L'analisi delle implicazioni della moratoria rivela una situazione di stallo. Le autorità si trovano a gestire un'onere crescente, sia per le richieste di risarcimento sia per la gestione degli alloggi per le famiglie vulnerabili. Tuttavia, il sistema non è in grado di soddisfare le esigenze di tutti, soprattutto in un momento in cui la domanda di alloggi è in crescita. L'Università Rovira i Virgili di Tarragona ha evidenziato che le compensazioni non rappresentano una soluzione adeguata, poiché non affrontano la radice del problema, che è la mancanza di offerta di abitazioni. Inoltre, la differenza tra richieste presentate da individui e da entità giuridiche ha creato disparità, con queste ultime che dispongono di risorse legali per gestire le domande. Questa situazione ha generato critiche da parte di associazioni di proprietari, che affermano che le compensazioni sono insufficienti e non coprono i costi reali. Allo stesso tempo, le famiglie vulnerabili non trovano spesso soluzioni alternative, poiché i servizi sociali non hanno abbastanza alloggi per soddisfare le esigenze. Questo scenario ha reso necessaria una riformulazione delle politiche abitative, ma il dibattito rimane aperto su come trovare un equilibrio tra diritti e responsabilità.
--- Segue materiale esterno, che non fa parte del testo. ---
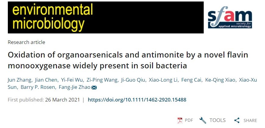 近日,该研究结果以“Oxidation of organoarsenicals and antimonite by a novel flavin monooxygenase widely present in soil bacteria”为题目在Environmental Microbiology在线发表。张隽副教授为论文第一作者,赵方杰教授为通讯作者。资环院蔡枫博士、硕士生吴亦飞和王子萍、广东省生态环境技术研究所孙晓旭博士、英国利兹大学肖可青博士、以及佛罗里达国际大学的Barry P. Rosen教授和陈健博士参与了部分研究工作。本项目研究得到了国家自然科学基金(41930758和31970108)等项目的资助。

La prospettiva futura dipende da come le istituzioni riusciranno a gestire la moratoria e le sue conseguenze. La negoziazione della proroga dello scudo sociale è un tema centrale, poiché la sua estensione potrebbe influenzare la stabilità del mercato immobiliare e le condizioni di vita delle famiglie. Tuttavia, la soluzione non può essere solo economica, ma deve includere un approccio strutturale che affronti la scarsità di alloggi. L'importanza di un sistema che garantisca accesso a abitazioni dignitose, senza penalizzare i proprietari, è fondamentale per evitare un aumento delle tensioni. La sfida è trovare un equilibrio tra protezione delle famiglie vulnerabili e sostenibilità del mercato, in un contesto in cui le risorse sono limitate e le esigenze sono crescenti. Solo attraverso un confronto serio tra le parti interessate e una politica mirata si potranno superare le difficoltà attuali e creare un sistema più equo e sostenibile.